PROBLEM TO SOLVE:
Word for word, write out the entries that follow, omitting all pictures.

GIVEN RECORDS:
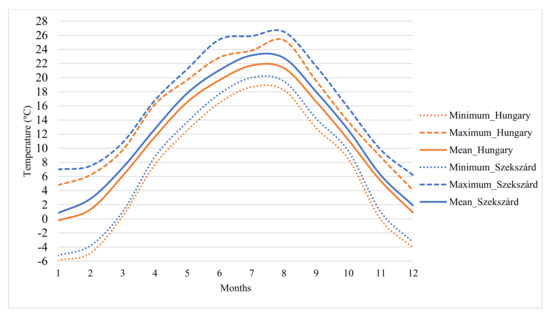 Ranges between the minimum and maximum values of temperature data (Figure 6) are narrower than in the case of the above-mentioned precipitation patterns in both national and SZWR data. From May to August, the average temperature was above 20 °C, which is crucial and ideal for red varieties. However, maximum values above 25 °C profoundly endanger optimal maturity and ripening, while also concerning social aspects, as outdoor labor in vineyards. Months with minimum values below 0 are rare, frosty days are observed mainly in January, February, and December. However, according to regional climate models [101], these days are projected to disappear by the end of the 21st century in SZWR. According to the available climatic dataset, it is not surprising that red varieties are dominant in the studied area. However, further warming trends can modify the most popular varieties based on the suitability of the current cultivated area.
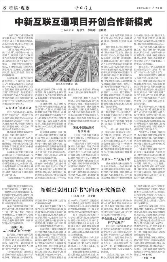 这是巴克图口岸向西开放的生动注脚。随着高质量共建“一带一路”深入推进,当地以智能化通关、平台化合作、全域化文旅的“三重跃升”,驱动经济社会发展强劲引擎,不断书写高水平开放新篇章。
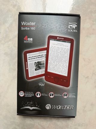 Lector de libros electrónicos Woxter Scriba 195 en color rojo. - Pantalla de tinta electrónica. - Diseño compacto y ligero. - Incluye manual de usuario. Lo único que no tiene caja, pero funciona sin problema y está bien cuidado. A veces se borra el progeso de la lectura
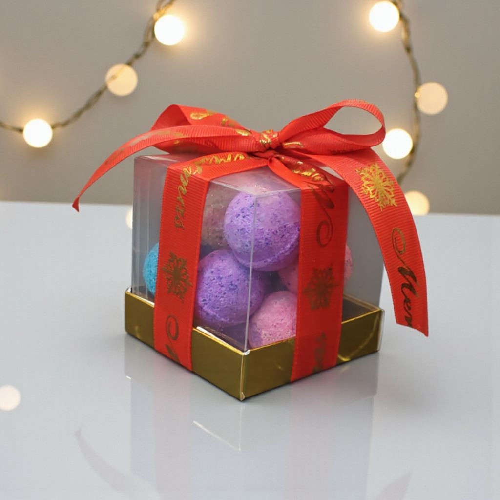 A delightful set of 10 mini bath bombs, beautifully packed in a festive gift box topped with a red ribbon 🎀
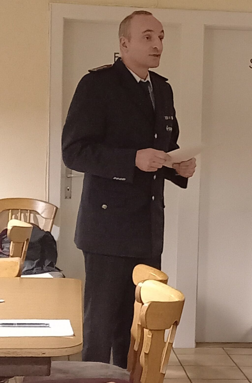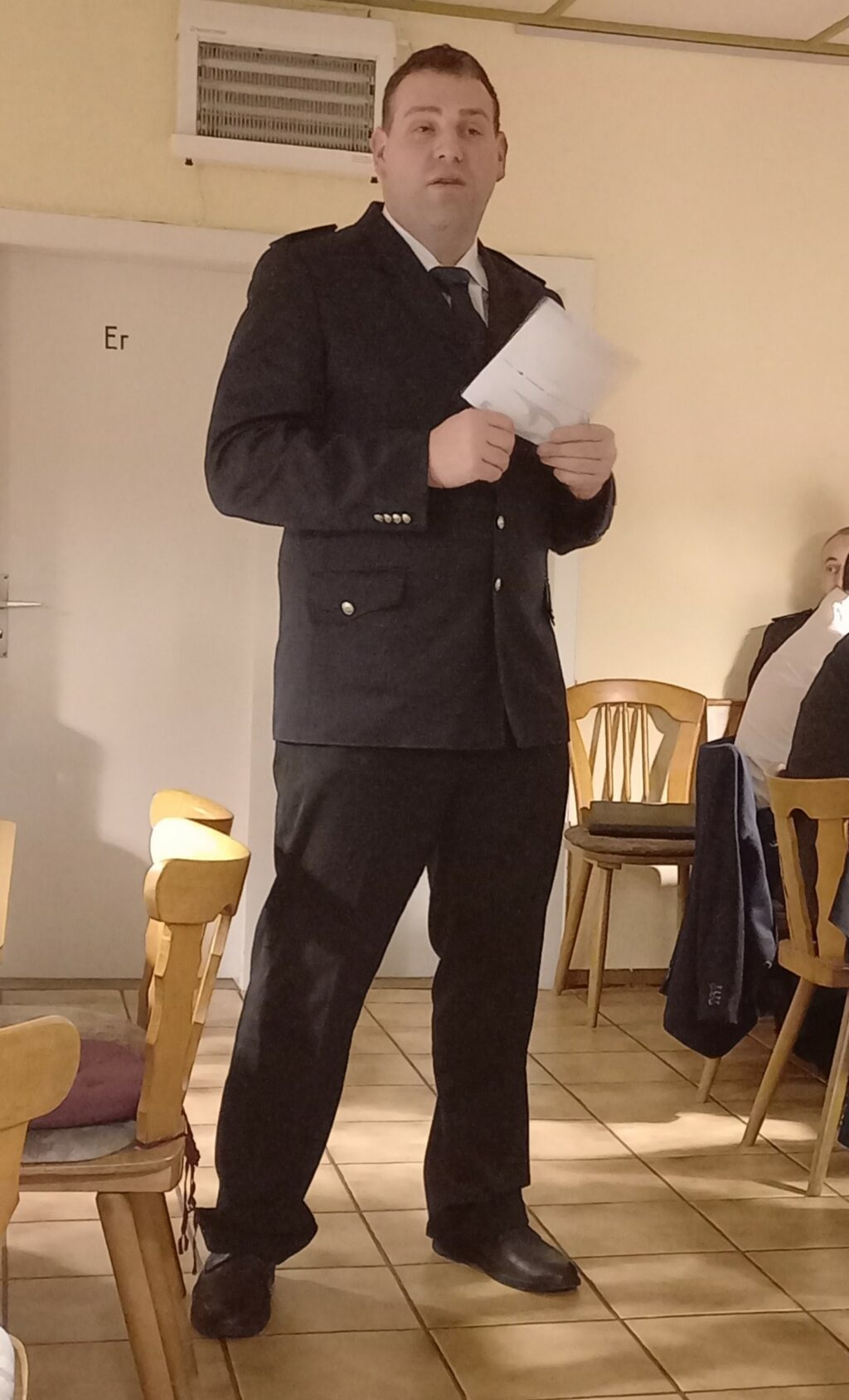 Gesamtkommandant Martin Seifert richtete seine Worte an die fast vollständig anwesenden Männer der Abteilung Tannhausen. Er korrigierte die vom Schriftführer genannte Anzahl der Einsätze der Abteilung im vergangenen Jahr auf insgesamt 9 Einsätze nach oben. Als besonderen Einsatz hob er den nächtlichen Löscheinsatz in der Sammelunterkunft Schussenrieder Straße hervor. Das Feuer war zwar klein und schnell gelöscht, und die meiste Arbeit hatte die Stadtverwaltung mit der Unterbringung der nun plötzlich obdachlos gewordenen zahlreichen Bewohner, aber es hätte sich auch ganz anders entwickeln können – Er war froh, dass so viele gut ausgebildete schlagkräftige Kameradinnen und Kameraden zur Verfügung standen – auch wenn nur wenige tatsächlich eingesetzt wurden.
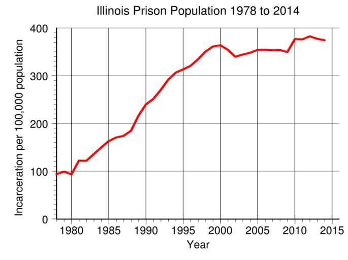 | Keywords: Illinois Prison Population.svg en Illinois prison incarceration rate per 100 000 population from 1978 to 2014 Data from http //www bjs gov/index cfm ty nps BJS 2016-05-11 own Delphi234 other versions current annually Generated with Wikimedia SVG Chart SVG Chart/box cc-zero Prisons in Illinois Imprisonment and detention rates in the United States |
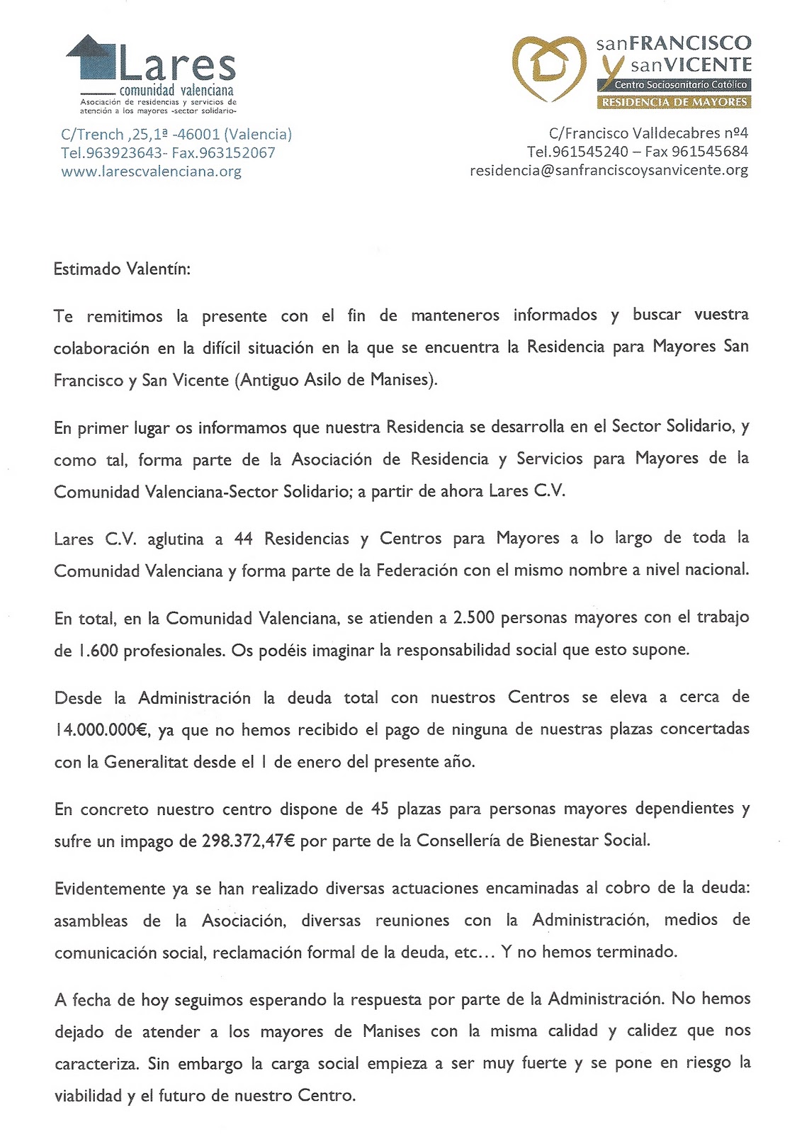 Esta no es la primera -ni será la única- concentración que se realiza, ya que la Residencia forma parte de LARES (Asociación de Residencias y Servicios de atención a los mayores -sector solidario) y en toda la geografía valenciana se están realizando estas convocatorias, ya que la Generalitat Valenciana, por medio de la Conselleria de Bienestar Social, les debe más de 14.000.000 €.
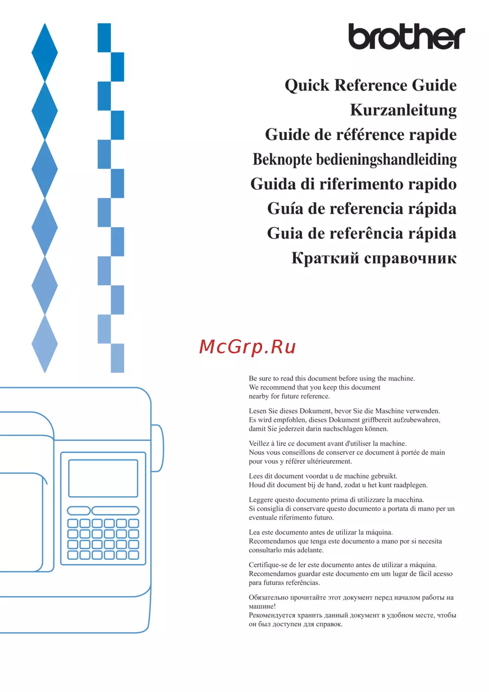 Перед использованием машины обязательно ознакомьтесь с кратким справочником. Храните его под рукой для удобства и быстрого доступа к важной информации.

SOLUTION TO THIS PROBLEM:
 Ranges between the minimum and maximum values of temperature data (Figure 6) are narrower than in the case of the above-mentioned precipitation patterns in both national and SZWR data. From May to August, the average temperature was above 20 °C, which is crucial and ideal for red varieties. However, maximum values above 25 °C profoundly endanger optimal maturity and ripening, while also concerning social aspects, as outdoor labor in vineyards. Months with minimum values below 0 are rare, frosty days are observed mainly in January, February, and December. However, according to regional climate models [101], these days are projected to disappear by the end of the 21st century in SZWR. According to the available climatic dataset, it is not surprising that red varieties are dominant in the studied area. However, further warming trends can modify the most popular varieties based on the suitability of the current cultivated area.
 这是巴克图口岸向西开放的生动注脚。随着高质量共建“一带一路”深入推进,当地以智能化通关、平台化合作、全域化文旅的“三重跃升”,驱动经济社会发展强劲引擎,不断书写高水平开放新篇章。
 Lector de libros electrónicos Woxter Scriba 195 en color rojo. - Pantalla de tinta electrónica. - Diseño compacto y ligero. - Incluye manual de usuario. Lo único que no tiene caja, pero funciona sin problema y está bien cuidado. A veces se borra el progeso de la lectura
 A delightful set of 10 mini bath bombs, beautifully packed in a festive gift box topped with a red ribbon 🎀
 Gesamtkommandant Martin Seifert richtete seine Worte an die fast vollständig anwesenden Männer der Abteilung Tannhausen. Er korrigierte die vom Schriftführer genannte Anzahl der Einsätze der Abteilung im vergangenen Jahr auf insgesamt 9 Einsätze nach oben. Als besonderen Einsatz hob er den nächtlichen Löscheinsatz in der Sammelunterkunft Schussenrieder Straße hervor. Das Feuer war zwar klein und schnell gelöscht, und die meiste Arbeit hatte die Stadtverwaltung mit der Unterbringung der nun plötzlich obdachlos gewordenen zahlreichen Bewohner, aber es hätte sich auch ganz anders entwickeln können – Er war froh, dass so viele gut ausgebildete schlagkräftige Kameradinnen und Kameraden zur Verfügung standen – auch wenn nur wenige tatsächlich eingesetzt wurden.
 | Keywords: Illinois Prison Population.svg en Illinois prison incarceration rate per 100 000 population from 1978 to 2014 Data from http //www bjs gov/index cfm ty nps BJS 2016-05-11 own Delphi234 other versions current annually Generated with Wikimedia SVG Chart SVG Chart/box cc-zero Prisons in Illinois Imprisonment and detention rates in the United States |
 Esta no es la primera -ni será la única- concentración que se realiza, ya que la Residencia forma parte de LARES (Asociación de Residencias y Servicios de atención a los mayores -sector solidario) y en toda la geografía valenciana se están realizando estas convocatorias, ya que la Generalitat Valenciana, por medio de la Conselleria de Bienestar Social, les debe más de 14.000.000 €.
 Перед использованием машины обязательно ознакомьтесь с кратким справочником. Храните его под рукой для удобства и быстрого доступа к важной информации.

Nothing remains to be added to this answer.